Citing that digestive biscuits lack any digestive properties whatsoever, the tasty treat is banned from the USA. To purchase them in America, one has to look under the ‘International’ aisle sections in supermarkets. Local retailers stopped selling the biscuit variety.
In 2009 and 2010, the popular original McVitie’s recipe underwent changes in two stages. They removed the use of palm oil and instead substituted it for sunflower oil with reduced saturated fat. However, upon complaints from the consumers, they restored their original recipe – the old classic recipe.
A survey conducted in 2009 in the UK estimated that 25 million adults have been injured while eating during a tea or coffee break - with at least 500 landing themselves in hospital. Almost a third of adults said they had been splashed or scalded by hot drinks while dunking or trying to fish the remnants of a collapsed digestive.
Source: The Telegraph
In 2012, Elliott Allen set a world record for breaking 18 digestive biscuits with one karate chop.

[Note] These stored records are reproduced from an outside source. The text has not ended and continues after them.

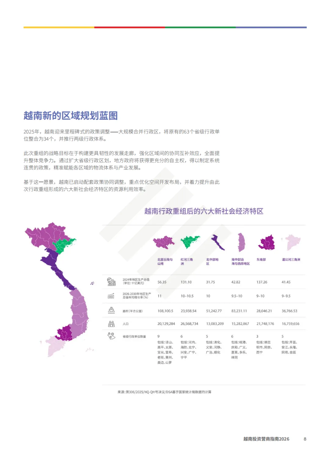 区域重组:2025年将63个省级单位合并为34个,形成6大社会经济特区,强化区域协同与资源整合。
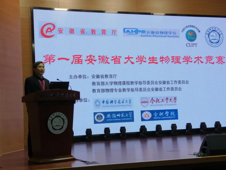 在开幕式上,教育部物理专业教学指导委员会安徽省工作委员会副主任,我校黄时中教授致辞时表示,安徽省大学生物理学术竞赛是中国大学生物理学术竞赛安徽代表队的选拔赛,已列入教育厅B类赛事。通过大学生物理竞赛这个平台,旨在锻炼大学生应用物理学知识分析问题、解决实际问题的能力,提升大学生的科研学术能力。
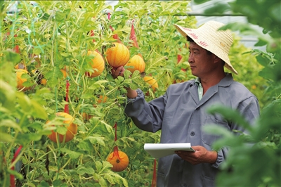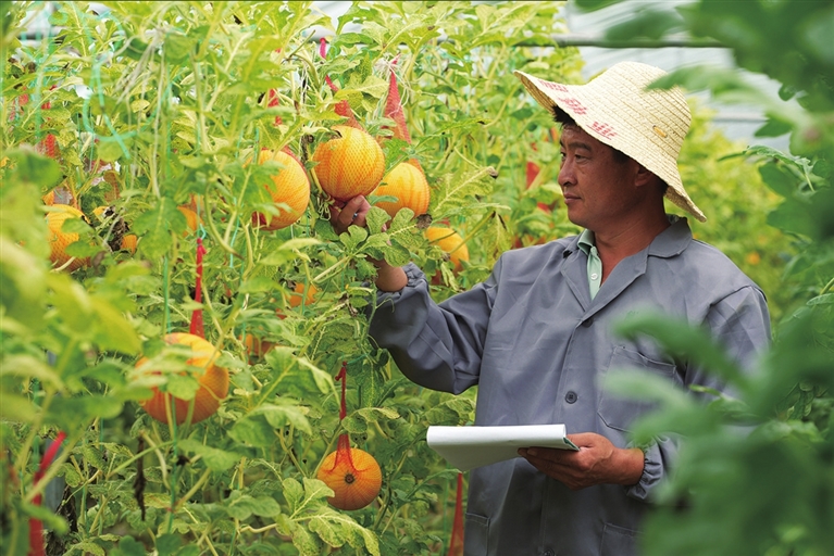技术人员在河北省石家庄市新华区一家种业基地查看瓜果成熟情况。

Among the top grossing brands of the digestive biscuits are:
• McVitie's: The United Kingdom's Premier Biscuit
• Cadbury – owned by Mondelez International
• Hovis – owned by Premier Foods
As far as the figures are concerned, the sale of digestive biscuits is said to estimate around 70 million packets sold annually; with half of these sales being registered in the United Kingdom. Broken down, this would mean that every second, 52 digestive biscuits are consumed and the number is said to be increasing every year.